本発明は、油圧ショベル等の建設機械の油圧制御装置に係り、特に、油圧アクチュエータが負荷に対して仕事をしている状態から油圧アクチュエータを停止させる際の操作性を損なわないで、油圧回路の効率向上を図るようにした技術に関するものである。
図11は、建設機械に多用されている従来の油圧制御装置の要部構成を示す油圧回路図である。図1において、1はメイン油圧ポンプ、2は、メイン油圧1から吐出される圧油により駆動される油圧アクチュエータである油圧シリンダ、3は油圧シリンダ2で駆動される負荷、4は、油圧シリンダ2に供給する圧油の流れ(流量および供給方向)を制御する流量制御弁、5はパイロット用の油圧ポンプ、6は、その操作量に応じたパイロット圧を流量制御弁4に対して出力して、流量制御弁4を制御する操作レバー装置、7はタンクである。
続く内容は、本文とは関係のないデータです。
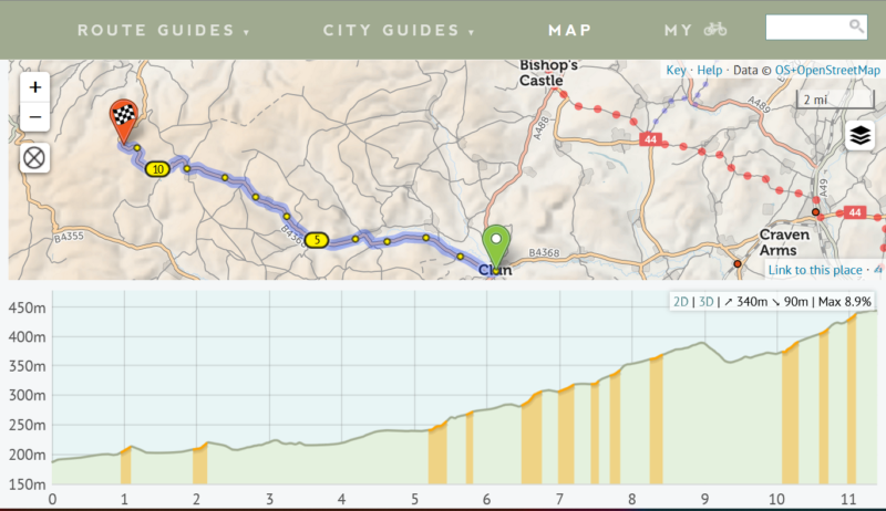 For cyclists on road bikes, wanting to follow the ridgeway on tarmac to Bishops Castle and back to Clun – a little further on from the bridge is a very minor lane on the right. This is the route to take!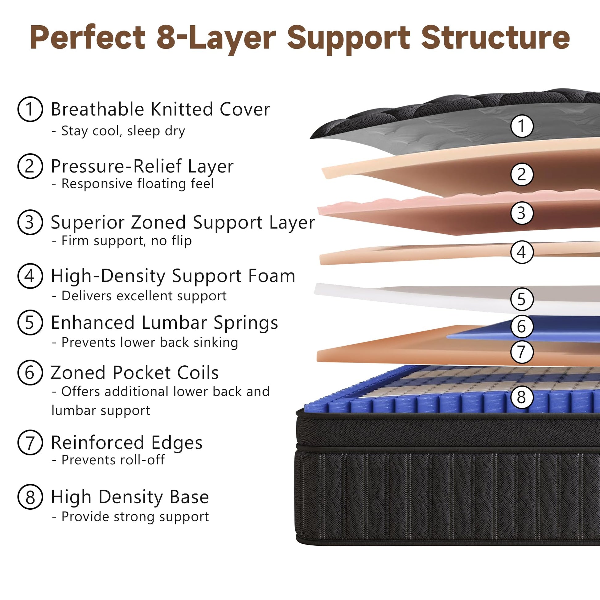 - Upgraded Support - This queen bed mattress has upgraded the built-in Pocket Springs and added a high-density support sponge on the side, which makes the mattress more stable and reduces the risk of edge rolling during night exercise, thus improving safety. The upgraded edge also protects the internal structure, extend the life of the mattress.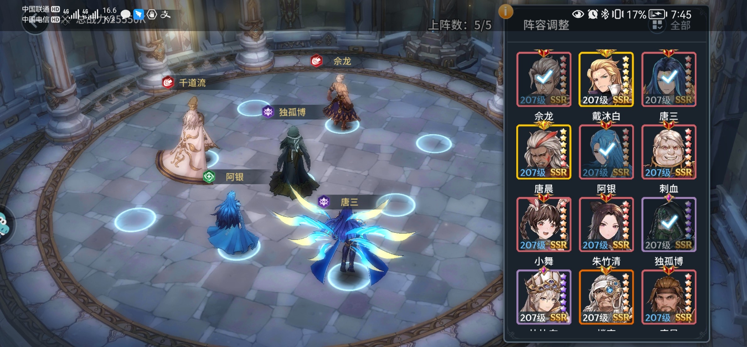通关阵容推荐:佘龙(主) 唐三(次) 独孤博(次) 阿银(工具人) 千道流(工具人)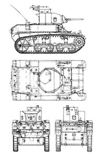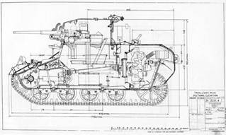 Вооружение. В башне - в орудийной установке M22 Mount. Главным отличием ее стала переделка откатных механизмов орудия M5. Это позволило снизить массу установки и существенно улучшить ее защиту. Исчез также массивный кожух, прикрывавший накатник орудия. В установке M22 Mount размещались 37-мм пушка М5 и спаренный 7,62-мм пулемет Browning М1919А4. Установка M22 Mount имела возможность вертикальной наводки в пределах −10…+20° и точной доводки в горизонтальной плоскости до ±10° (без поворота самой башни). Для наведения орудия использовался телескопический прицел M40A2 (поле зрения 9°, увеличение ×1,44). Один пулемет 7,62 мм являлся курсовым (устанавливался в лобовой детали корпуса) и еще 2 таких же пулемета могли устанавливаться в надгусеничных полках слева и справа – как сообщают, огонь из них дистанционно вел водитель при помощи спусковых тросов. В качестве штатного указывается зенитный пулемет. (Рис.6)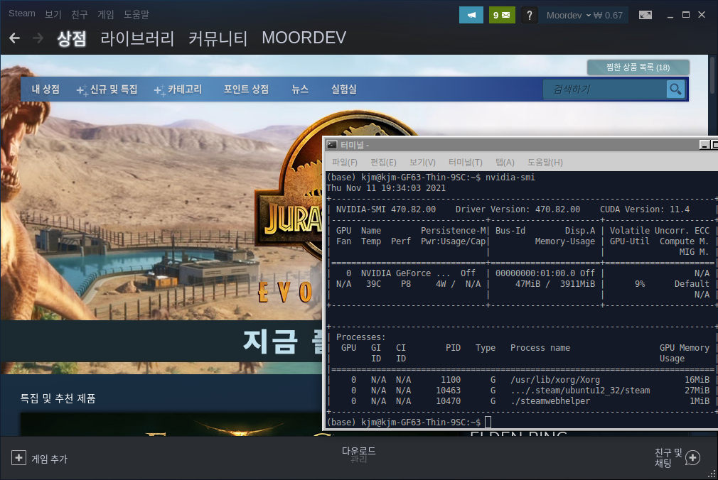 스팀을 Nvidia 카드 없이 그냥 실행하면

操作レバー装置6は、操作レバー6cと、1対の減圧弁6a,6bとを有し、操作者が操作レバー6cを図示で右または左に操作することで、その操作方向と操作量に応じて、減圧弁6aまたは6bによって油圧ポンプ5からのパイロット圧油が減圧されて、パイロット圧PiaまたはPibが流量制御弁4のパイロット圧室4aまたは5aに導入される。これにより、流量制御弁4のスプールが図示で右または左に移動して、メイン油圧ポンプ1からの圧油が、操作レバー6cの操作方向と操作量に応じて、流量制御弁4から油圧シリンダ2に送り込まれて、油圧シリンダ2が負荷3を移動させる。公知のように、操作者が操作レバー6cを操作する角度に応じて、パイロット圧PiaまたはPibが変わって、流量制御弁4のスプールの移動量が変わり、それによって、メイン油圧ポンプ1が油圧シリンダ2に送り込む圧油の流量も変わって、油圧シリンダ2の動作速度が制御できるようになっている。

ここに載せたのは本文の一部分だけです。